According to the agreement between PVN and investors, PVN will be the off-taker of Nghi Son’s products with the wholesale price at the factory gate equal to the price of imported finished petroleum products, plus an import tax of 7%, and 3% for other petrochemical products (benzene, polypropylene…).

PVN’s commitment for Nghi Son to sell products at world prices, therefore, plus import tax for each unit of petrol, petrol price in Nghi Son is not cheap compared to imported petrol or petrol. sold by Dung Quat.

Nghi Son’s petroleum consumption problem is considered not to create competitive pressure to improve quality and distribution for Nghi Son. Meanwhile, Vietnam is currently implementing tax reduction and exemption on petroleum imports with many major partners, including Korea and ASEAN.

The effect from the product’s off-take policy, while the unstable financial capacity caused the Nghi Son refinery to cut off supply, and the supply crisis caused the domestic petroleum supply to have problems.

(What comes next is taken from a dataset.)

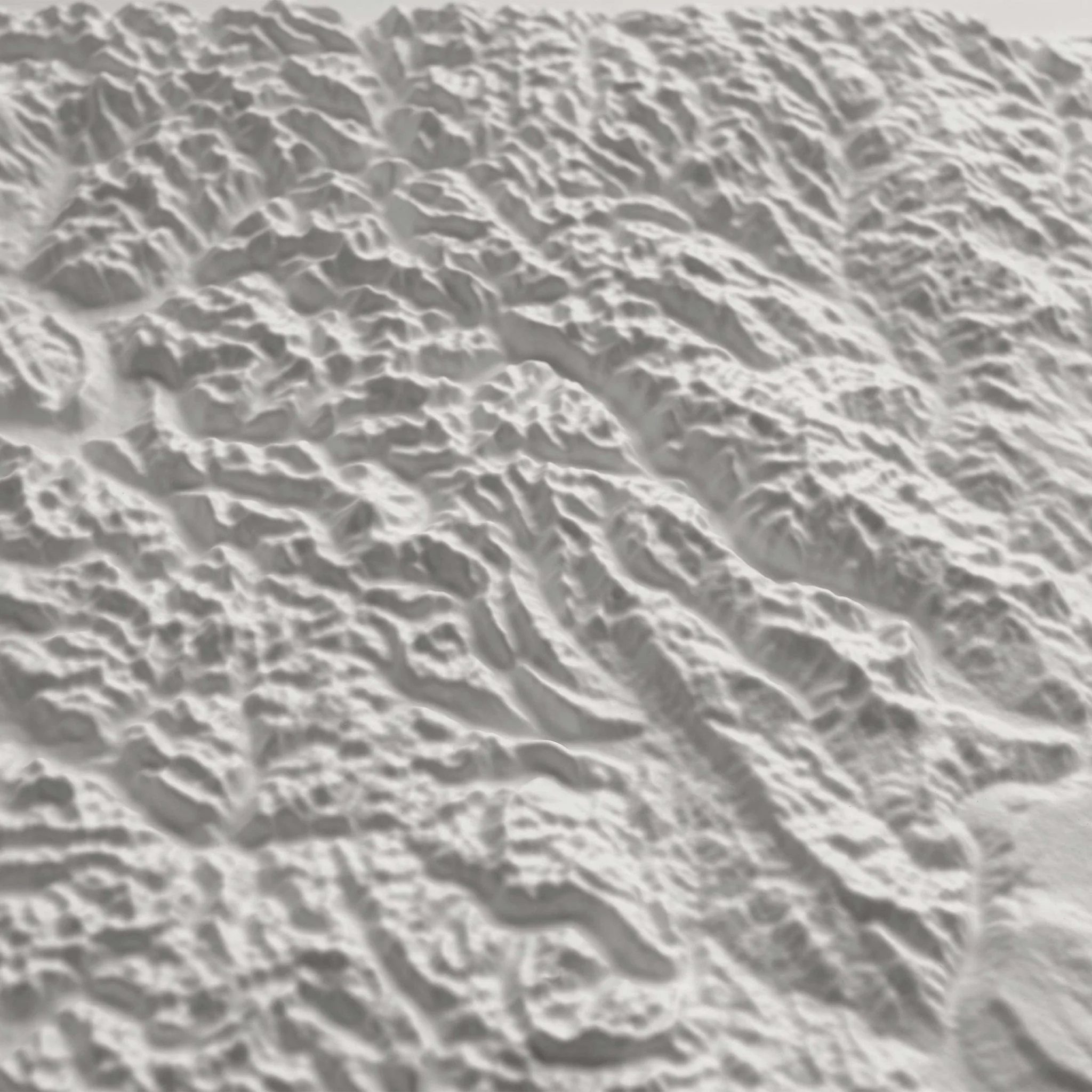 Simplicity at its finest, the map is completely white with no print or text on it to enhance the visibility of the complex terrain. It is best observed near a light or window to increase the shadows. The angle and brightness of the light will determine the intensity of shadows produced on the map.
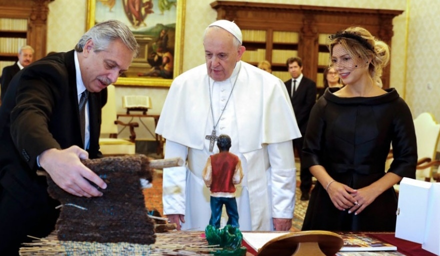 El momento en que el papa Francisco y Fernández intercambiaron regalos

According to some experts, the high price of crude oil in the world, Nghi Son called financial difficulties and stopped operating is very difficult to accept because this threatens national energy security. Meanwhile, the Vietnamese government has created many incentives for this business.

In order to ensure supply, businesses are also very careful to import finished petroleum products from abroad because if the market fluctuates or domestic refineries deliver unplanned deliveries, businesses importing gasoline can have great consequences.